* [PROBLEM DETAILS] Omit every picture, then return the listing verbatim.

* [DATASET CONTENT]
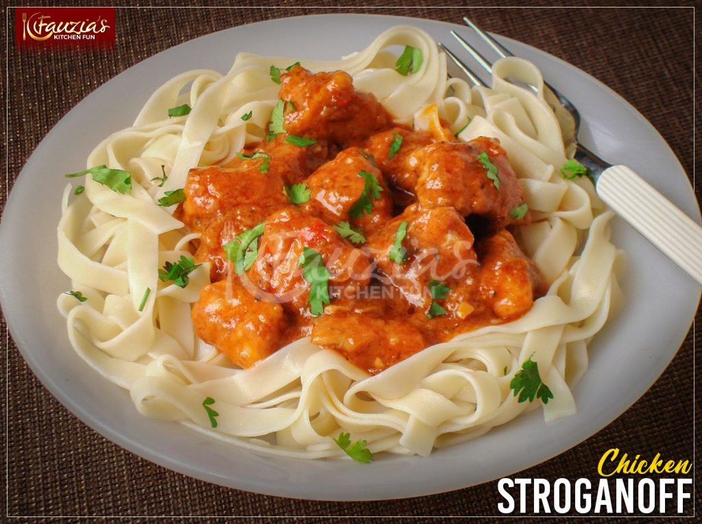 As much as Beef Stroganoff has always been a family favourite, I sometimes like preparing it using chicken which I find faster adn just as flavourful. This is my version of chicken stroganoff, served here over noodles but it can also be served with fries or rice depending on preference.
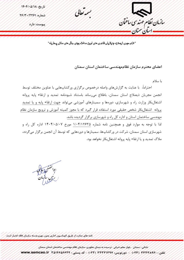 * عطف به غیر قانونی بودن برگزاری هر گونه دوره و سمینار بدون مجوز این اداره کل
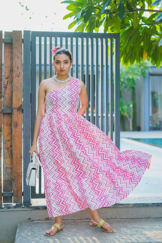 Pink Chevron One-Shoulder Cotton Maxi Dress - 1450 - Gheraa10049

* [EXERCISE OUTPUT]
 As much as Beef Stroganoff has always been a family favourite, I sometimes like preparing it using chicken which I find faster adn just as flavourful. This is my version of chicken stroganoff, served here over noodles but it can also be served with fries or rice depending on preference.
 * عطف به غیر قانونی بودن برگزاری هر گونه دوره و سمینار بدون مجوز این اداره کل
 Pink Chevron One-Shoulder Cotton Maxi Dress - 1450 - Gheraa10049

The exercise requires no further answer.